(WHAT YOU WILL DO)
Pictures aside, write out the data exactly as it reads.

(DATA PROVIDED)
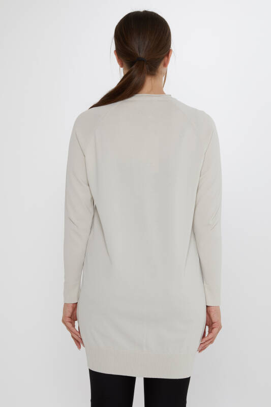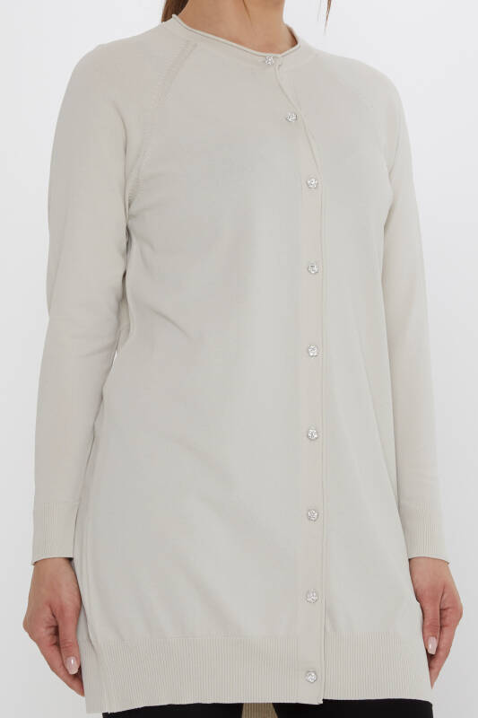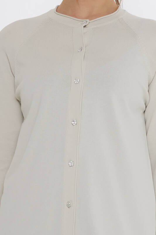 Knitted Cardigan with Rhinestone Buttons, Long Sleeves, Light Beige - 31846 | KAZEE (Set of 2 L-XL)
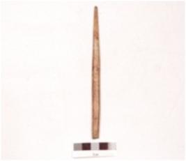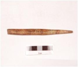 | Description / विवरण | A point made on charred bone with smooth and polished surface, pointed at one end white broken at the other end, it is slightly grooved at the base and thin and elongated in character. |
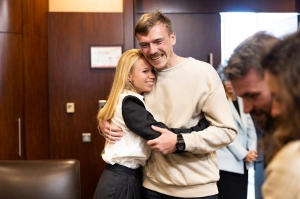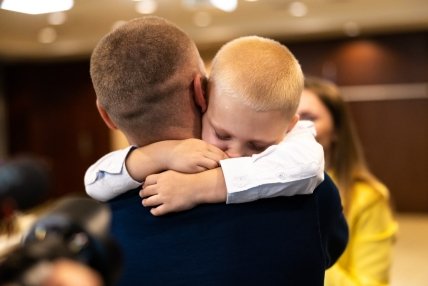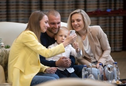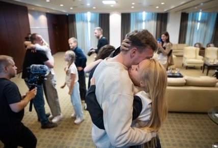 Фотографиями воссоединения семей поделилась пресс-служба Офиса президента. Как сообщается, речь идет о командире полка Национальной гвардии "Азов" Денисе Прокопенко (Редис), его заместителе Святославе Паламаре, и.о. командира 36-й отдельной бригады морской пехоты Сергее Волынском (Волина), старшем офицере "Азова" Олеге Хоменко и командире 12-й бригады НГУ Денисе Шлеге.

(EXERCISE ANSWER)
 Knitted Cardigan with Rhinestone Buttons, Long Sleeves, Light Beige - 31846 | KAZEE (Set of 2 L-XL)
 | Description / विवरण | A point made on charred bone with smooth and polished surface, pointed at one end white broken at the other end, it is slightly grooved at the base and thin and elongated in character. |
 Фотографиями воссоединения семей поделилась пресс-служба Офиса президента. Как сообщается, речь идет о командире полка Национальной гвардии "Азов" Денисе Прокопенко (Редис), его заместителе Святославе Паламаре, и.о. командира 36-й отдельной бригады морской пехоты Сергее Волынском (Волина), старшем офицере "Азова" Олеге Хоменко и командире 12-й бригады НГУ Денисе Шлеге.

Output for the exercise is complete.